[Opening COLLECTED DATA section]
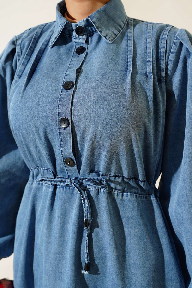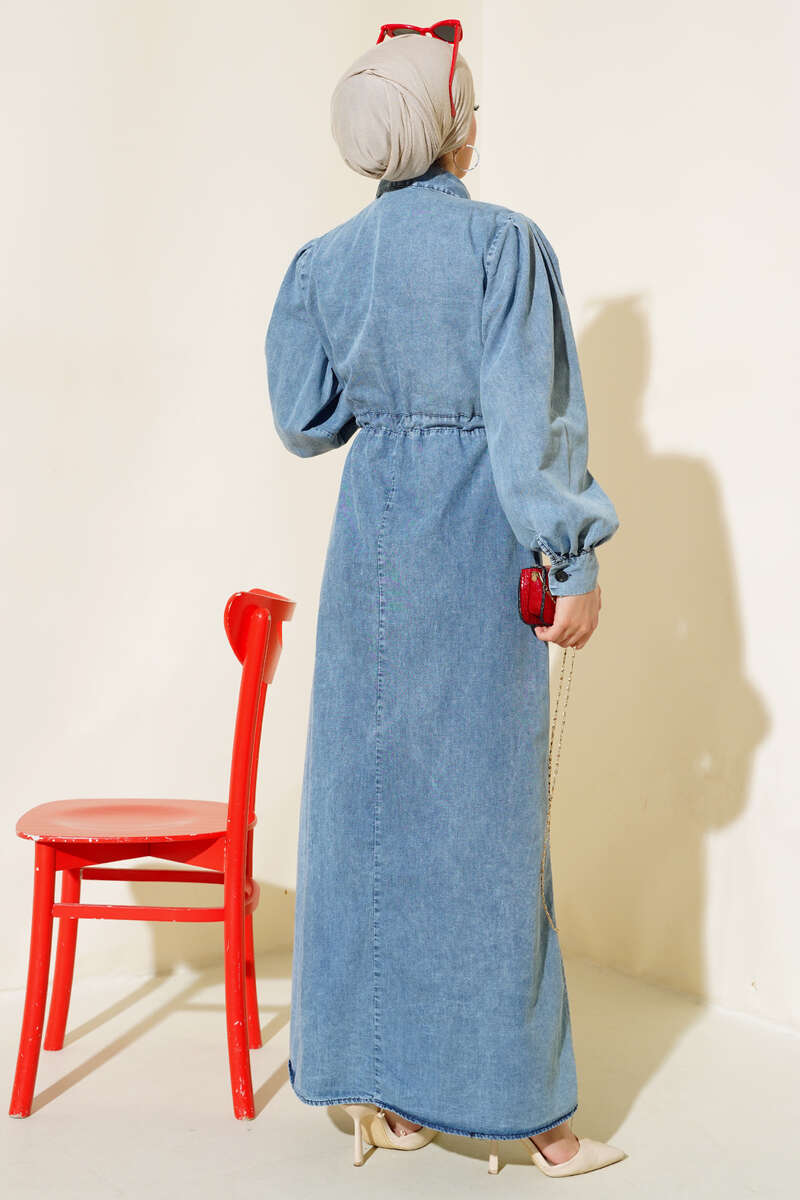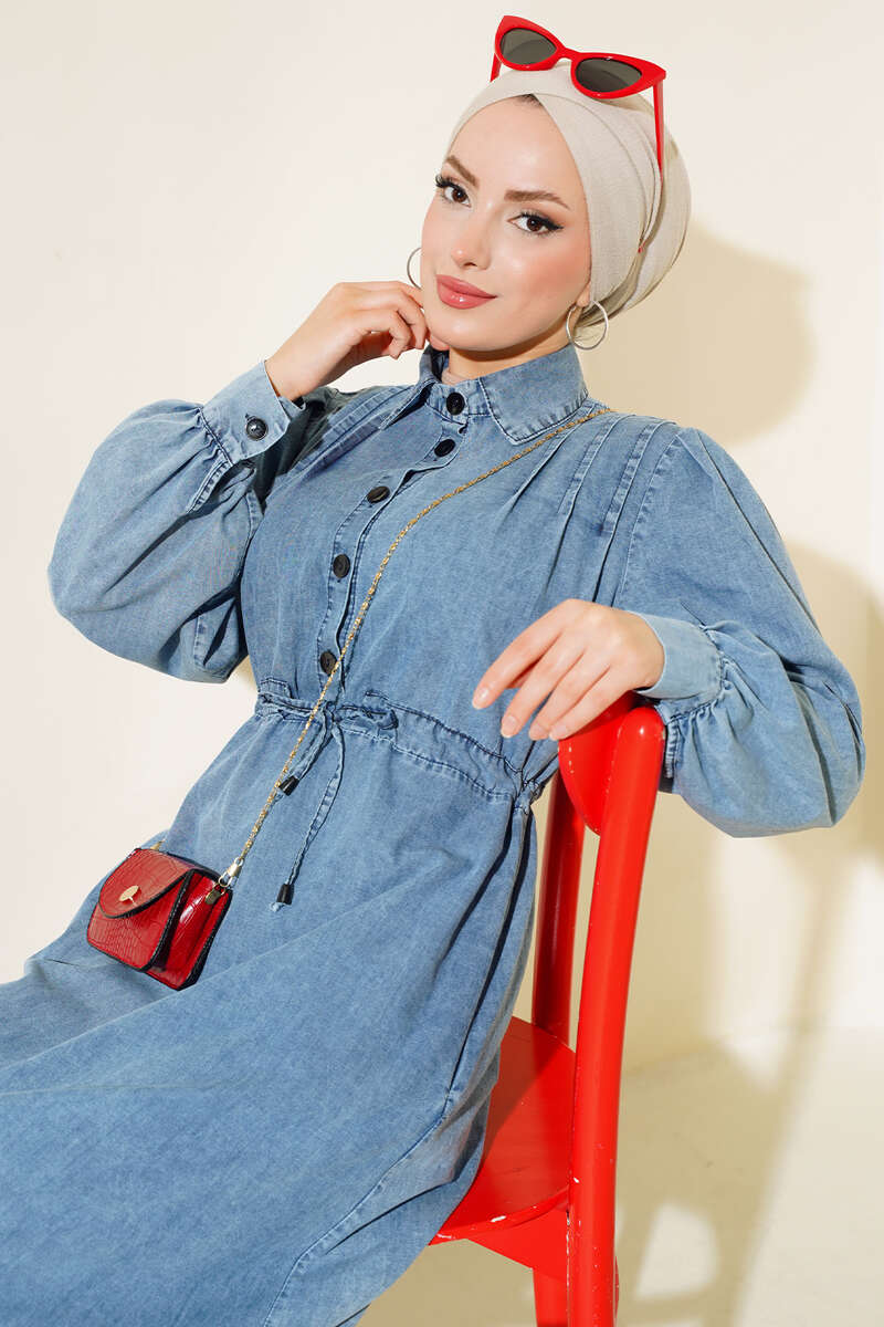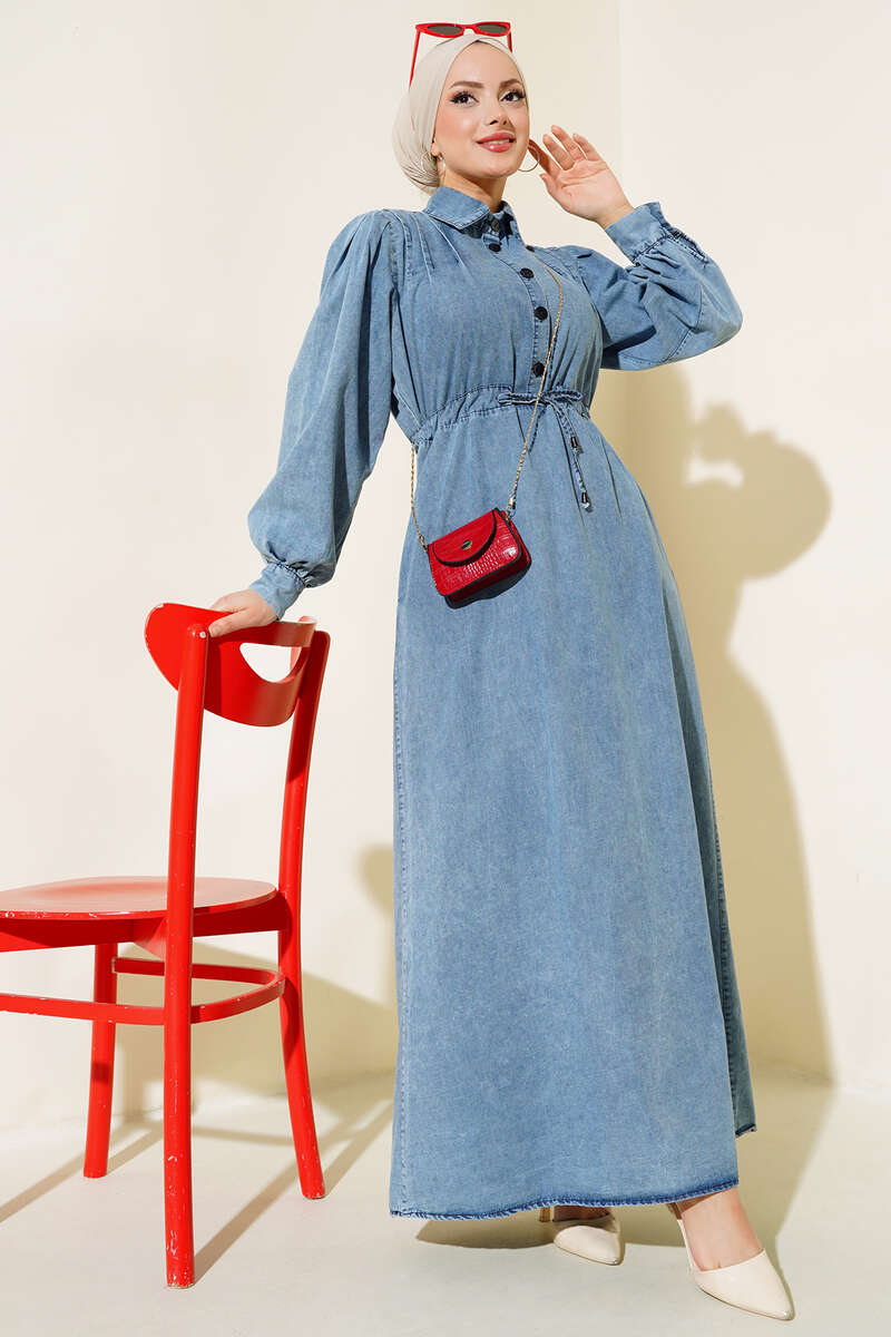 Yeni sezon elbise modelimiz sizlerle beraber. Önü yarıya kadar siyah düğmelidir. belden tünelli ip bağlamalıdır. Kol bilekleri düğmeli modeldir. Gömlek yaka modeldir. Kloş kot elbise modelimiz dolaplarınızda yerlerini beklemektedir.
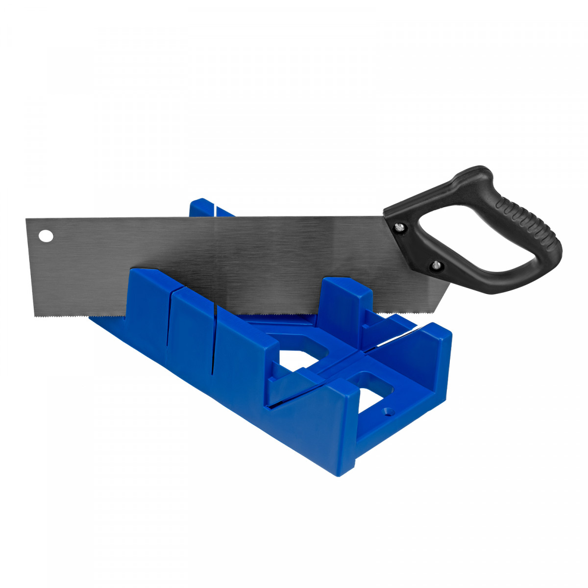 Стусло пластиковое, синее, 4 угла для запила, пила 350 мм Сибртех
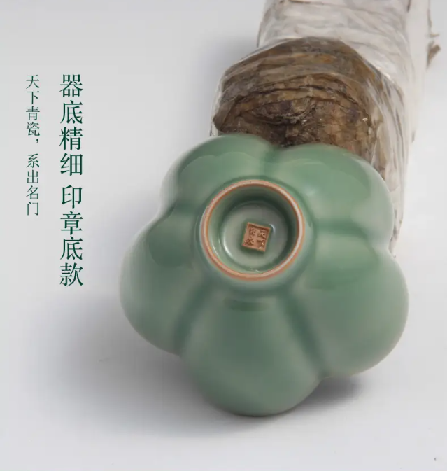 龙泉窑青瓷花口杯的设计灵感来源于南宋龙泉窑花口杯。该器物造型别致,宛如一朵待放的花蕊,它内外施清釉,釉色青白光洁,釉质肥厚滋润,是龙泉窑中的精品。
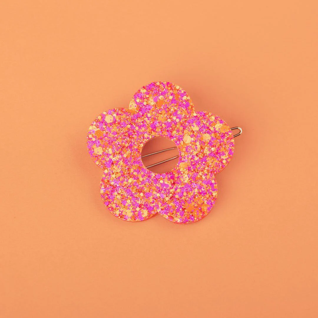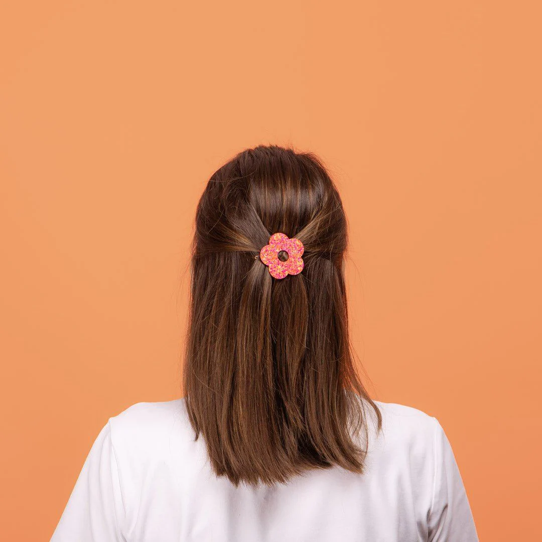 Barrette ronde Fleur Fuchsia Orange
[Closing COLLECTED DATA section]
▶ ABOUT THIS EXERCISE
Copy nothing but the lines from the line that contains "Стусло пластиковое, синее, 4" through the end of the listing, exactly, and keep pictures out of it.

▶ OUTPUT OF THE EXERCISE
 Стусло пластиковое, синее, 4 угла для запила, пила 350 мм Сибртех
 龙泉窑青瓷花口杯的设计灵感来源于南宋龙泉窑花口杯。该器物造型别致,宛如一朵待放的花蕊,它内外施清釉,釉色青白光洁,釉质肥厚滋润,是龙泉窑中的精品。
 Barrette ronde Fleur Fuchsia Orange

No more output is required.